Bird of the Week

Posted

2019/11/bird-of-the-week-Sora-300-300x216.jpg Photo courtesy Charles Martinez

This week’s Bird of the Week, compliments of the Weminuche Audubon Society and Audubon Rockies, is the sora.

The sora is another marshland bird that can be seen here by the patient observer. Spotting this colorful bird may require waiting for it to emerge from dense vegetation to feed in the open. Loud calls from deep within the cattails, especially during breeding season, can alert you to its presence and induce you to stick around.

An adult sora is a small, chubby bird with a mottled brown back, black and white banding on the underside, and a gray face with a black mask. Its thick, stubby, yellow bill distinguishes it from the similar Virginia rail whose bill is longer and orange. Long toes allow the sora to walk on floating vegetation and are used to rake the bottom for food. Its short tail is usually held upright, exposing white undersides.

Inhabitants of freshwater wetlands with cattails, sedges and rushes, the sora feeds primarily on seeds, but also eats invertebrates, including snails, dragonflies, flies and beetles.

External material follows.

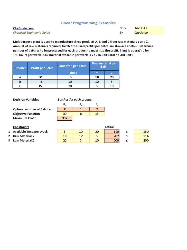 Linear Programming Examples: Chemical Engineer's Guide | PDF | Oil ...

Soras are the most numerous and widespread members of the rail family in North America. Although they are known to migrate long distances, as far as Central and South America, for the winter, our warm water wetlands along the Riverwalk allow at least a few individuals to stay here well into winter.

Like many of the bird species identified in Audubon’s recent report, “Survival by Degrees,” the sora’s range is predicted to shift north in a warming climate.